Another government programme incorporating MFS is the Primary Education Stipends Project (PESP) Phase 3. It makes mobile money payments to the mothers of around 13.7 million registered elementary level students. Instead of selecting students from the poorest households meeting specific criteria, as is mandated, the programme (between 2015-16 and 2021) has included almost all primary students in the beneficiaries list, except a few students with poor results or low attendance.

According to recent research, PESP Phase 3 has been successful in some key respects. It has a solid database of all students. By providing stipends to most students, it has eliminated the contentious politics of beneficiary management, limiting the influence of weak state capacity on its execution. Furthermore, it has restricted the opportunities for "leakage" and corruption by replacing the role of local actors with technology. Despite its relative success, however, we cannot learn much from PESP Phase 3 about selecting targeted beneficiaries as the project took a blanket approach.

Additionally, like other MFS schemes, PESP Phase 3 has tried to reduce the role of local actors (like teachers, bureaucrats, and local elites) in the beneficiary selection process. By doing so, it has removed those who previously provided information on deserving candidates or worked as important links for conveying the complaints of beneficiaries to authorities. Rural mothers—often with little to no knowledge and no access to smart devices—face difficulty collecting cash and reporting grievances in this system. The procedures in PESP for addressing grievances and infrastructure for information flows were found to be inadequate for the beneficiaries.
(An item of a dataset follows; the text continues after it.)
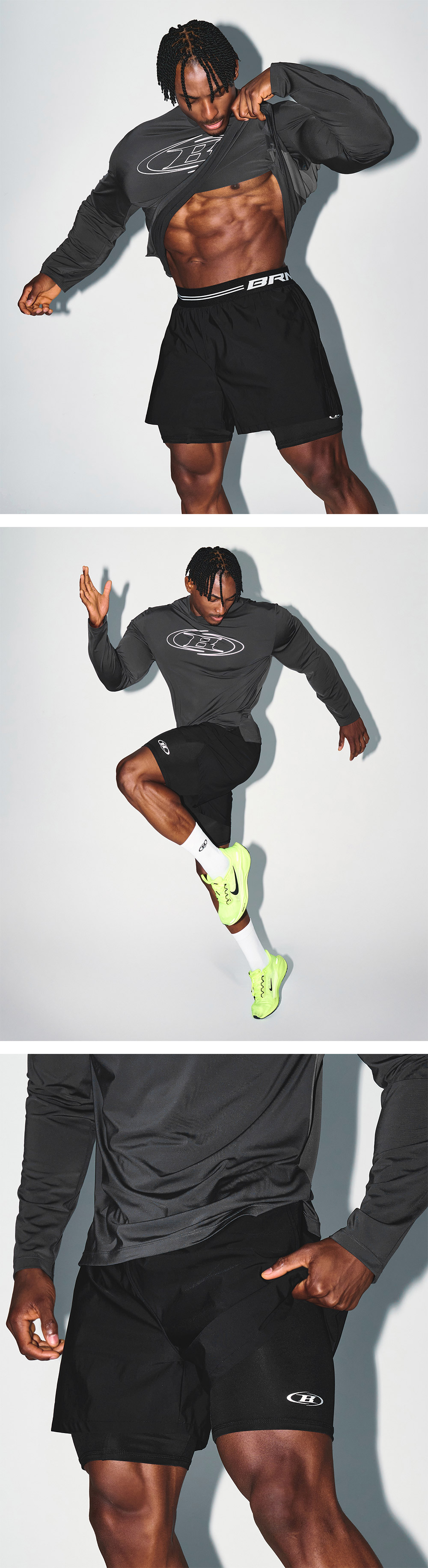 [DETAILS] * BRN 아웃밴드 투인원 스쿼트 쇼츠 - 경량 나일론 투웨이 스트레치 저지 원단 - 고탄성 BRN 로고 자카드 밴드 포인트 - 3M 리플렉티브 로고 - 소지품 수납에 용이한 레깅스 포켓 - 레깅스 내장 투인원 스타일 Material : NYLON 77% POLYURETHANE 23% Fitting : EM 3 Size, 182cm, 87kg

Alongside relief and stipends, the social safety net (SSN) programmes involving cash distribution have also come under G2P payments since 2019. The SSN programmes, too, suffer from poor beneficiary targeting. According to the Household Income and Expenditure Survey (HIES) data from 2016, the exclusion error for SSN programmes stood at 71 percent, which means that a large segment of deserving population was outside the SSN coverage. The inclusion error was 46.5 percent, meaning nearly half of the population receiving the budget was ineligible.

There is limited evidence on the impact of G2P payments in social protection programmes. Still, based on observations in other sectors such as relief and PESP, it is clearly essential to maintain an updated, robust central database of the poor and vulnerable non-poor—i.e. those above but close to the poverty line. Authorities affiliated with the database creation need to be held accountable for such a long delay. Many experts have suggested forming a centralised government organisation for preparing and maintaining a central database covering multiple programmes.

If the government had made good use of the National ID card in the targeting and listing exercises, it could have been effective, as India has done with its Aadhar card and South Africa with its biometric identification.

An important takeaway from the relief and PESP experiences is that technology will never fully compensate for governance problems that obstruct programme management. Furthermore, technological processes may also become exclusionary without the citizens' digital and financial literacy.

Digital cash transfers have resulted in public-private partnerships in some major areas for the government. The services of bKash, Nagad, SureCash, and Rocket have been used for various government programmes. Since MFS services are relatively new and will continue to expand, proper incentives for private partners need to be ensured. Equal opportunities in a competitive environment need to be ensured for all service providers seeking work.

The vision of "Digital Bangladesh" is a priority for the current government and MFS services have been largely effective and essential in this regard. However, identifying and addressing the real-life constraints of digitisation is essential for designing digital systems that work.

 

Rafsanul Hoque is a research associate and Redwanul Hoq is a research intern at the Brac Institute of Governance and Development (BIGD), Brac University.